15 Animal Facts That Are Too Wild To Tame

Oh, to hibernate for three years like a snail.
15 Animal Facts That Are Too Wild To Tame

The monster swarms have gotten worse over the last year. The government doesn't even know about them, but I'm pretty sure they're coming from another dimension or something, because they're so big and fast.

There was one swarm that got into a town, and they were just eating people alive. I saw it on the news, and then the military started dropping bombs on it to stop them. But it wasn't enough. So we had to do it ourselves. We had to go out there and get eaten by these creatures, so that the military could come save us. We had to die for their freedom.

I've been trying to find a way to kill these monsters for months now, and I finally came across this book. My heart leapt when I saw it -- finally, something that could give us the edge we need in fighting the monster swarms. But, even though, the title said it was about fighting monsters, when I opened it, there was a list of fifteen facts repeated over and over. It went ...

Cockroaches can be used to relieve pain from a wound.

Crushed cockroaches can be applied to a stinging wound to help relieve the paín.
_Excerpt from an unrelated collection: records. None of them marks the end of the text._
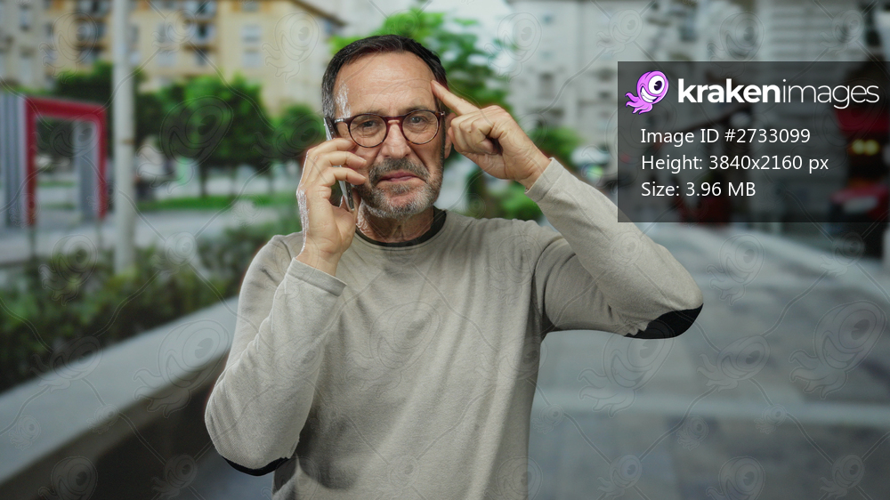 Mature man with glasses stands on city street making thinking gesture while talking on smartphone, surrounded by urban buildings and greenery.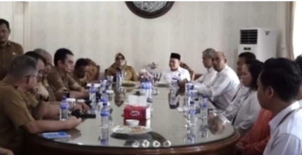 Tampak Bupati Tanjab Timur, Hj. Dillah Hich beserta Kepala BPK RI Perwakilan. Jambi tampak melakukan diskusi pembahasan terkait pemeriksaan keuangan dan aset pemerintah daerah Kabupaten. Tanjung Jabung Timur Propinsi Jambi.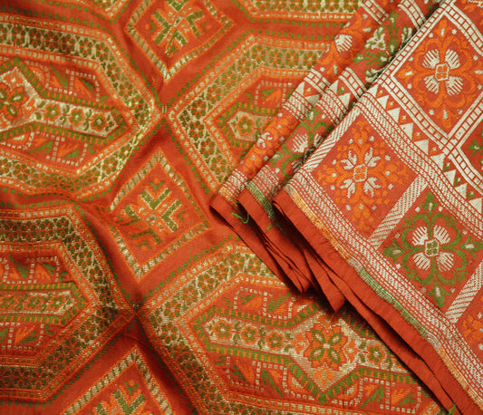 Indian Vintage Sari Orange Heavy Wedding Pure Silk Woven Banarasi Saree Zari 5Yard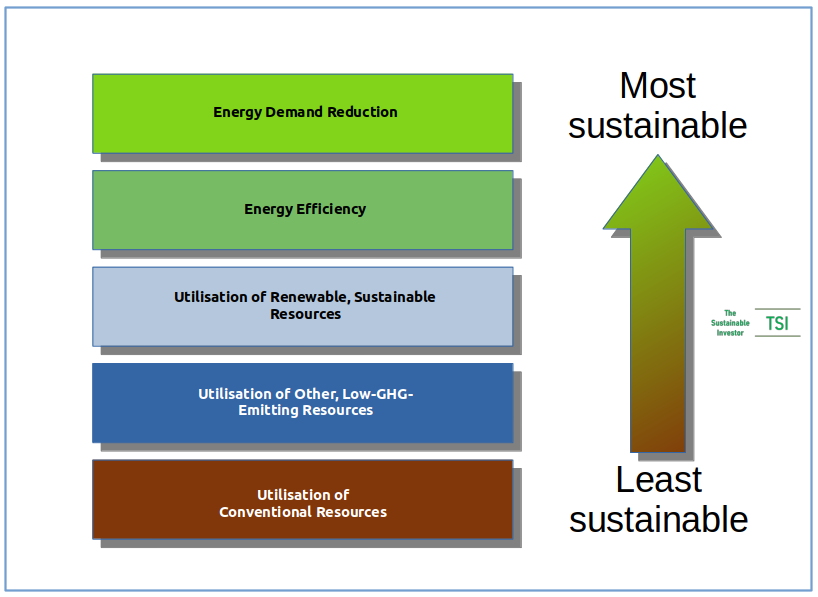 The Institute of Mechanical Engineers published an 'Energy hierarchy' in 2009 to act as a framework to guide sustainable energy policy and decision-making. We have represented it graphically below.

CRACKED.COM However, collecting and uncontrolled uses of therapeutic inverte- brates can put undue pressure on certain highly sought after species.


Gators use rocks in their belly to stay under the water.

Alligators swallow stones to help them dive deeper and stay underwater longer. CRACKED COM Ingesting stones equal to just 2.5 percent of the alligators' body weight increased the animals' dive time by an average of 88 percent, extending it up to 35 minutes.


A greyhound racing stadium featured cheetahs in the ‘30s.

Cheetahs were raced at Romford greyhound stadium in 1937. CRACKED.COM The big cats were brought to Enlgand and given a year to acclimate and train. If the mechanical hare was released too early, the cheetahs would catch it with ease before the first turn.

NY Times

Ostriches have bigger eyes than brains.

An ostrich's eye is bigger than its brain. CRACKED.COM This does not make them stupid, however - it is not a case of an undersized brain but rather of oversized eyes.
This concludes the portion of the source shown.